Saved entries
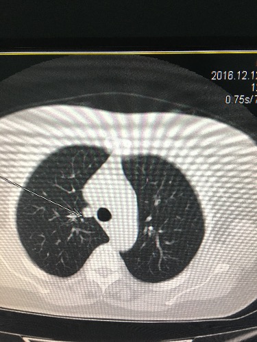 右上肺主支气管旁可见结节。考虑:右上肺占位可疑。建议增强。
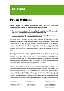 - The agreement concludes the needed deals enabling the 100% renewable electricity supply for the BASF Zhanjiang Verbund site
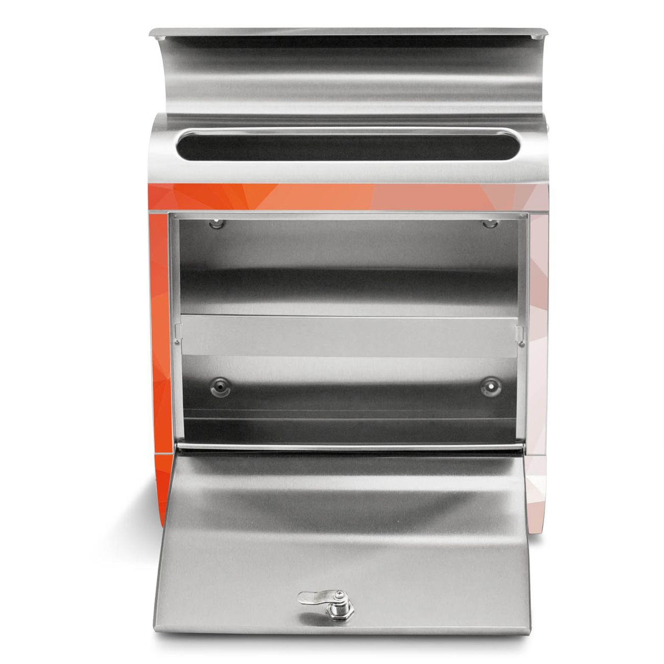Der Motivstandbriefkasten hat ein sehr ansprechendes und ausgefallenes Design, damit entlocken Sie Ihren Nachbarn und dem Postboten ein Lächeln. Heben Sie Sich ab von der tristen grauen Masse, ohne auf Funktionalität zu verzichten. Der Briefkasten besteht aus hochwertigem 18/0 Edelstahl und die Wetter- und UV-resistenten Folie mit Orange Polygon Motiv ist zusätzlich mit einem Schutzlaminat überzogen. Der Standbriefkasten wird mit Montagematerial und zwei Schlüsseln geliefert.
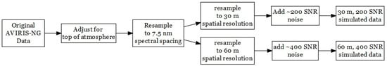 Each image was resampled to 30 m and 60 m spatial resolutions using Gaussian resampling. The stated spatial resolution represents the full-width half maximum of the Gaussian function, with the x-y coordinates for each AVIRIS-NG pixel center used to calculate each pixel’s weighting for resampling. The original unorthorectified AVIRIS-NG images were used for resampling, but pixel coordinate information allowed the creation of orthorectified 30 m and 60 m output images.
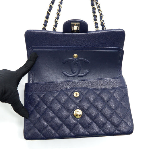 Chanel Small Classic Flap Bag Caviar Dark Blue LGHW
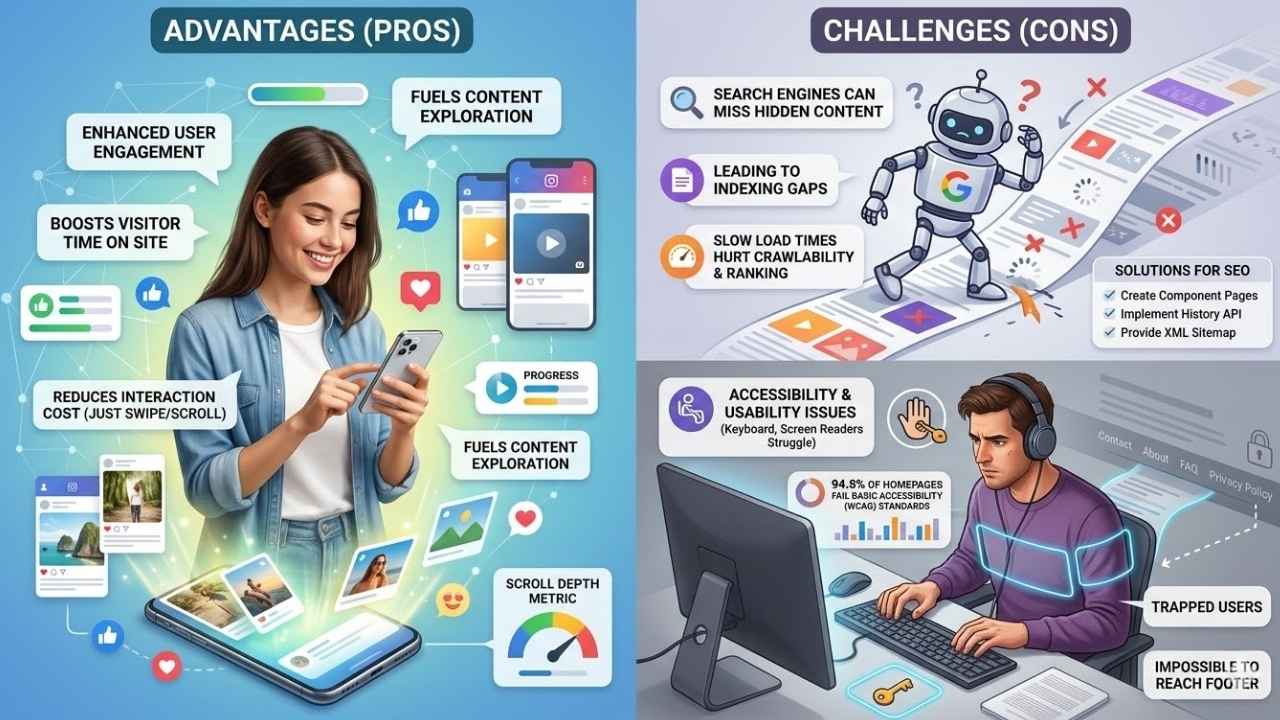 This hurts sites that want every article or item seen, like news platforms or big online shops. Search engines may also miss deeper content if bots cannot crawl past what loads first.

Directions for this task:
Your reply should restate every entry exactly, with the pictures left out.

Result for this task:
 右上肺主支气管旁可见结节。考虑:右上肺占位可疑。建议增强。
 - The agreement concludes the needed deals enabling the 100% renewable electricity supply for the BASF Zhanjiang Verbund site
Der Motivstandbriefkasten hat ein sehr ansprechendes und ausgefallenes Design, damit entlocken Sie Ihren Nachbarn und dem Postboten ein Lächeln. Heben Sie Sich ab von der tristen grauen Masse, ohne auf Funktionalität zu verzichten. Der Briefkasten besteht aus hochwertigem 18/0 Edelstahl und die Wetter- und UV-resistenten Folie mit Orange Polygon Motiv ist zusätzlich mit einem Schutzlaminat überzogen. Der Standbriefkasten wird mit Montagematerial und zwei Schlüsseln geliefert.
 Each image was resampled to 30 m and 60 m spatial resolutions using Gaussian resampling. The stated spatial resolution represents the full-width half maximum of the Gaussian function, with the x-y coordinates for each AVIRIS-NG pixel center used to calculate each pixel’s weighting for resampling. The original unorthorectified AVIRIS-NG images were used for resampling, but pixel coordinate information allowed the creation of orthorectified 30 m and 60 m output images.
 Chanel Small Classic Flap Bag Caviar Dark Blue LGHW
 This hurts sites that want every article or item seen, like news platforms or big online shops. Search engines may also miss deeper content if bots cannot crawl past what loads first.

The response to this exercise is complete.